**What is expected**
Retype exactly the lines from the one that contains "Skodel is an" through the end of the listing, both included, but not the pictures.
---- Given data
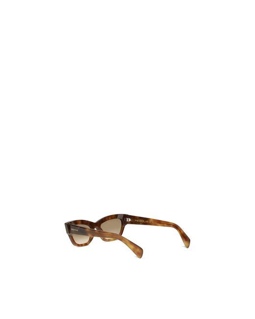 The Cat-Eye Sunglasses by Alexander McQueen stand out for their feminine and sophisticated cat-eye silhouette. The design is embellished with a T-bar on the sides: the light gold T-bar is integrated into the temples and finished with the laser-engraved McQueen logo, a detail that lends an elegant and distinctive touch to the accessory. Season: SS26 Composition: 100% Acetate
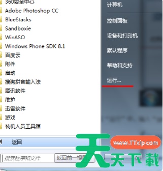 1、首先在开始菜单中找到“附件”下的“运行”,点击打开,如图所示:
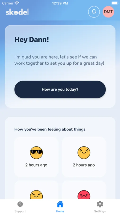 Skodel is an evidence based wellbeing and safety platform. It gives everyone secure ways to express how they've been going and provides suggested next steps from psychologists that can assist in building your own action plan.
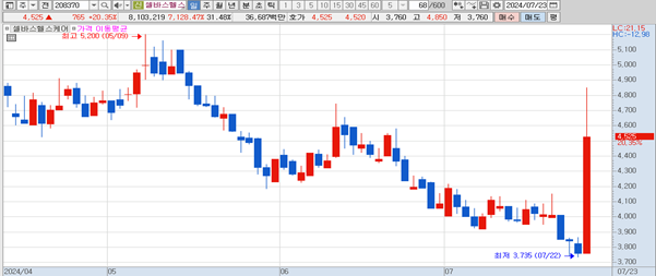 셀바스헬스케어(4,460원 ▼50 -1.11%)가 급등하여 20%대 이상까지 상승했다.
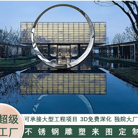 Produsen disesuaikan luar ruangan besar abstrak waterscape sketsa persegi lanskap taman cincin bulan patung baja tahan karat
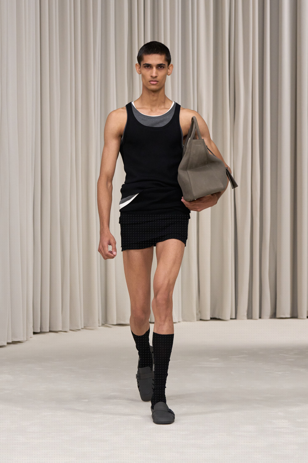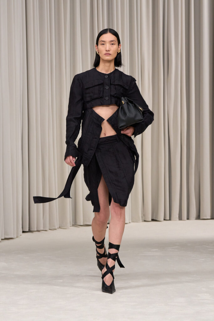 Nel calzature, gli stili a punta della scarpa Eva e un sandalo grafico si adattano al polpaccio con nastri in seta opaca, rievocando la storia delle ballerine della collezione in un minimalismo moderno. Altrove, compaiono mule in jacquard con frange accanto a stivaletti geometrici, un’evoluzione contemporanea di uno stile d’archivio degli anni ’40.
--------
**Task result**
 Skodel is an evidence based wellbeing and safety platform. It gives everyone secure ways to express how they've been going and provides suggested next steps from psychologists that can assist in building your own action plan.
 셀바스헬스케어(4,460원 ▼50 -1.11%)가 급등하여 20%대 이상까지 상승했다.
 Produsen disesuaikan luar ruangan besar abstrak waterscape sketsa persegi lanskap taman cincin bulan patung baja tahan karat
 Nel calzature, gli stili a punta della scarpa Eva e un sandalo grafico si adattano al polpaccio con nastri in seta opaca, rievocando la storia delle ballerine della collezione in un minimalismo moderno. Altrove, compaiono mule in jacquard con frange accanto a stivaletti geometrici, un’evoluzione contemporanea di uno stile d’archivio degli anni ’40.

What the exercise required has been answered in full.